Some entries follow. Reproduce exactly the lines starting at the one with "Banana Republic Tweed" and stopping after the one with "组织师生在零号楼906会议室".

GIVEN DATA:
▬▬▬▬▬▬

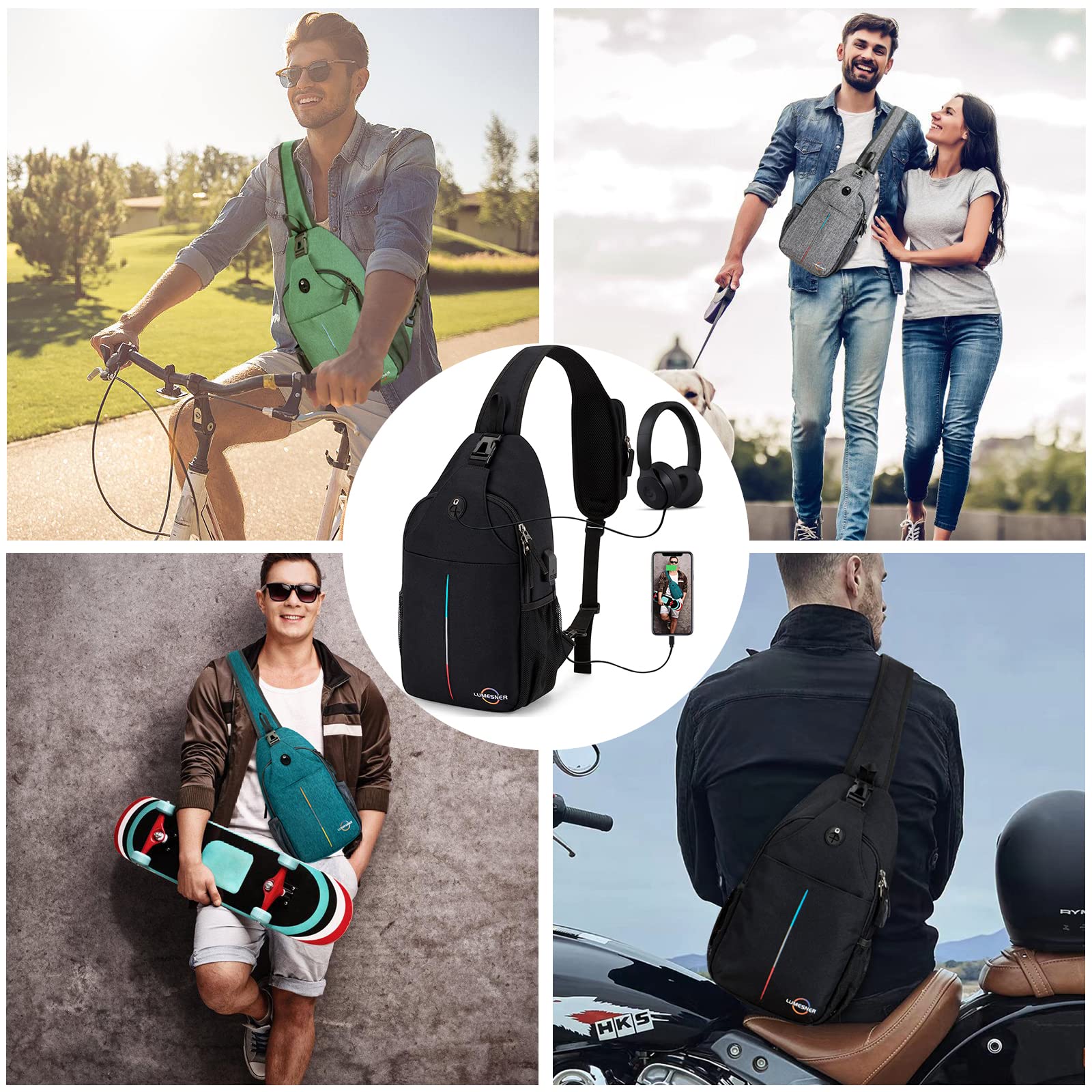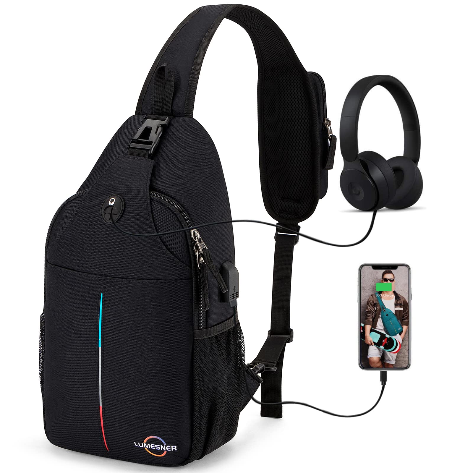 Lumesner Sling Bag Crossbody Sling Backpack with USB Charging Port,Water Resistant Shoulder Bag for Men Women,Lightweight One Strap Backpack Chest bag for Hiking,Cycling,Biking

▬▬▬▬▬▬

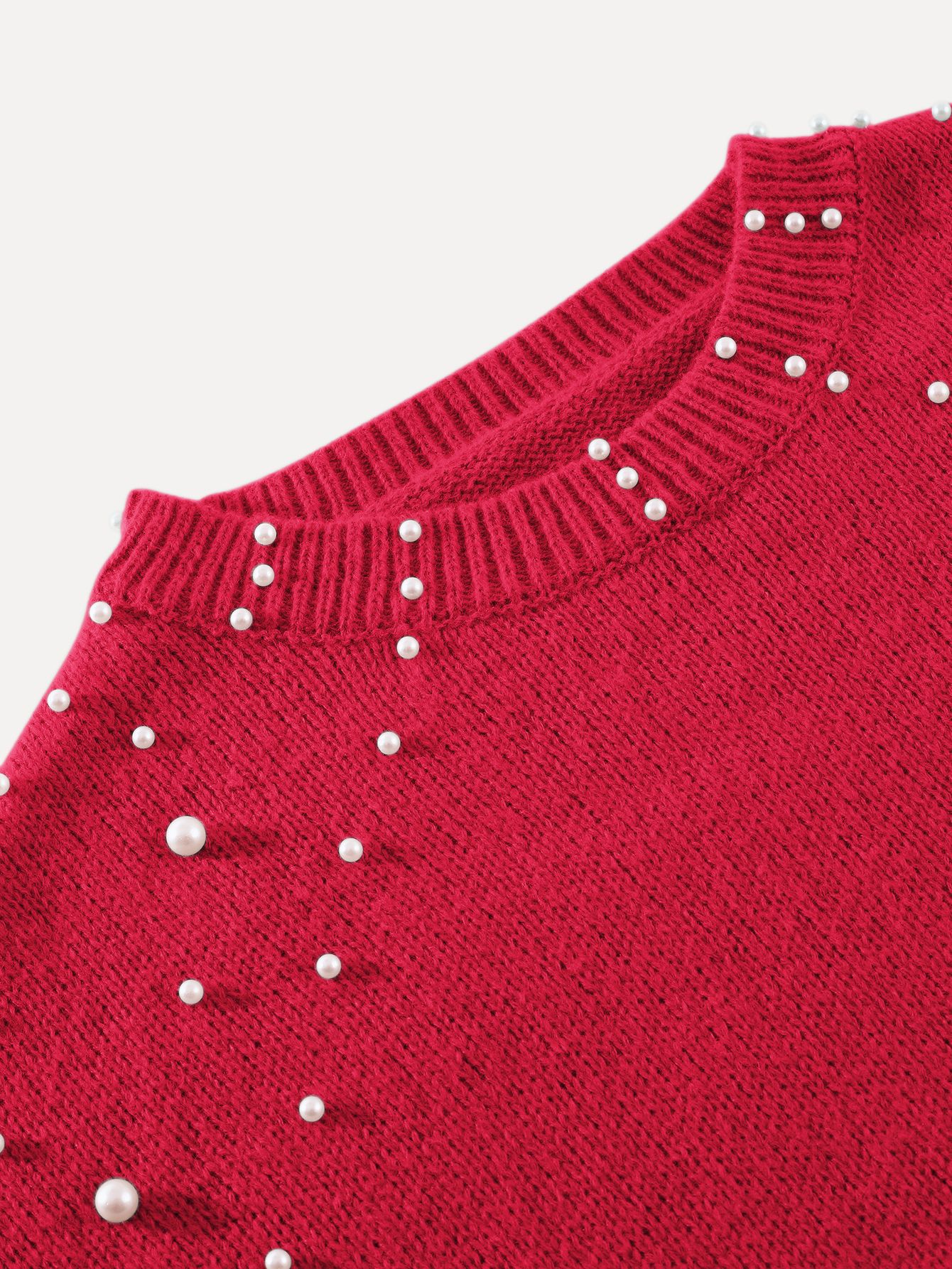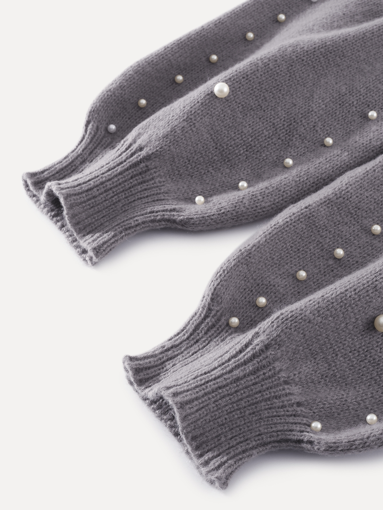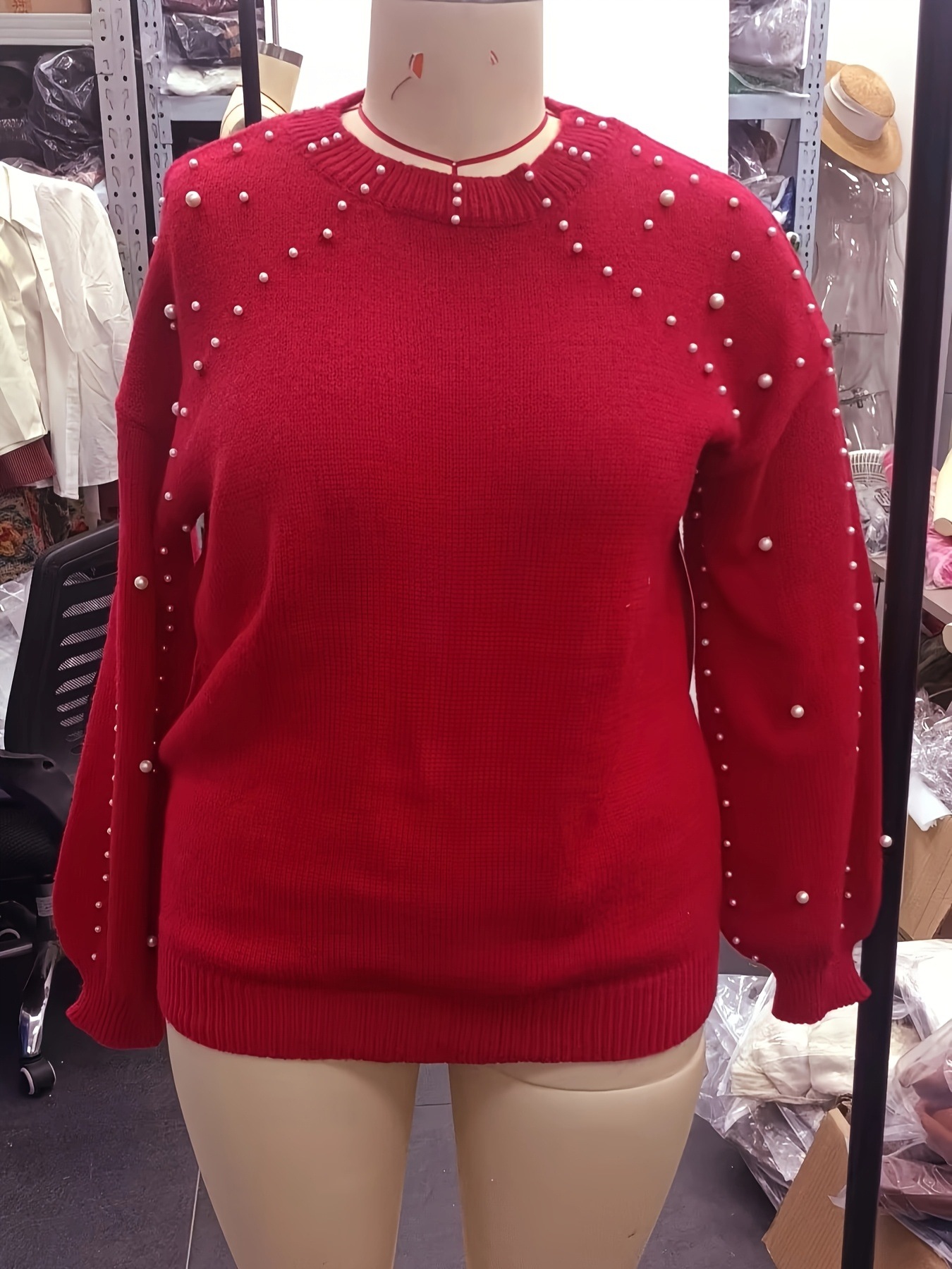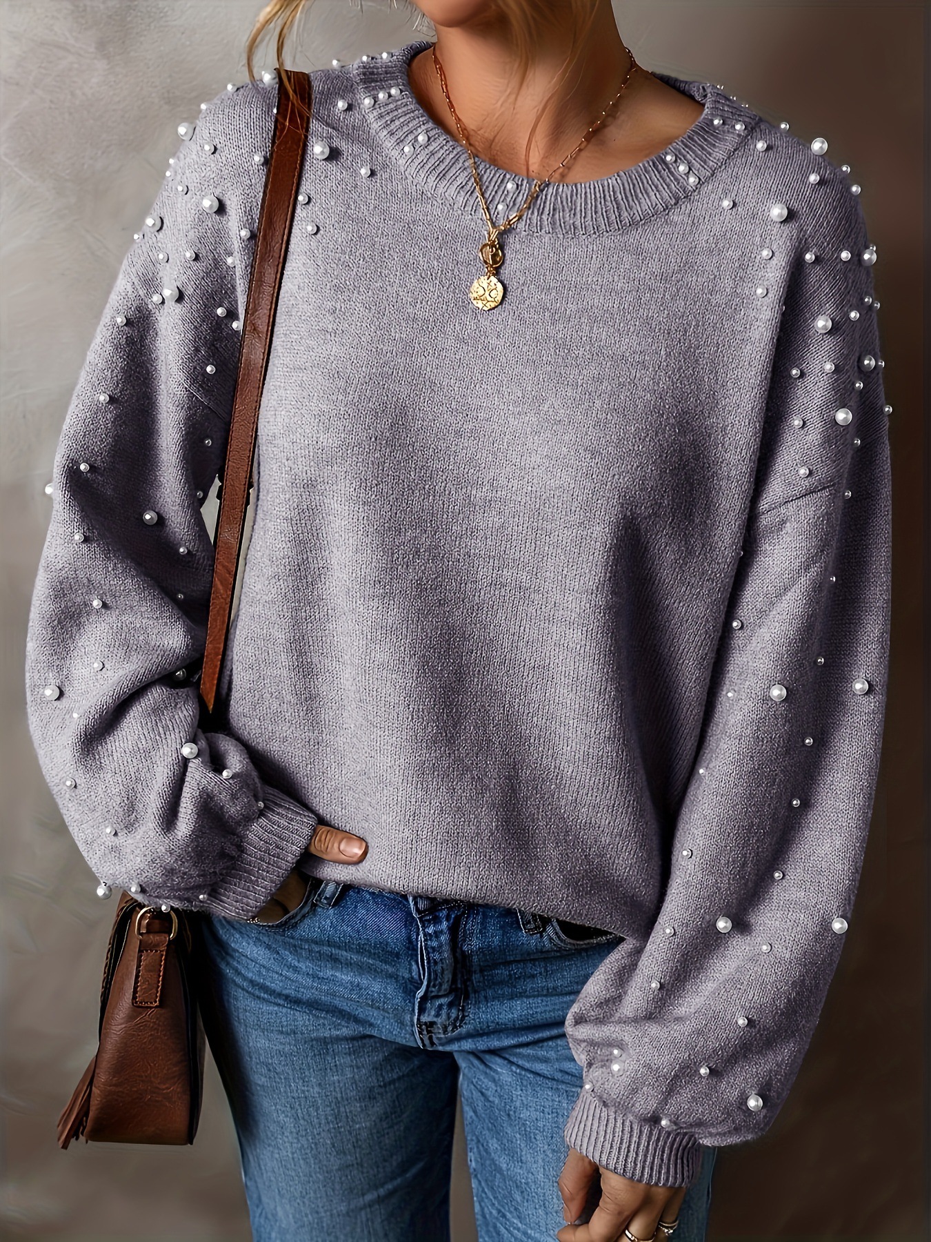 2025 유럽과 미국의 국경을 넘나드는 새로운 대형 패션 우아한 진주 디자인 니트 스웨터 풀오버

▬▬▬▬▬▬

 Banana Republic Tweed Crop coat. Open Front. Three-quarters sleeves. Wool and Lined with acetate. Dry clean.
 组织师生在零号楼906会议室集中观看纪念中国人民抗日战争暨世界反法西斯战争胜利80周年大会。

▬▬▬▬▬▬

YOUR SOLUTION:
 Banana Republic Tweed Crop coat. Open Front. Three-quarters sleeves. Wool and Lined with acetate. Dry clean.
 组织师生在零号楼906会议室集中观看纪念中国人民抗日战争暨世界反法西斯战争胜利80周年大会。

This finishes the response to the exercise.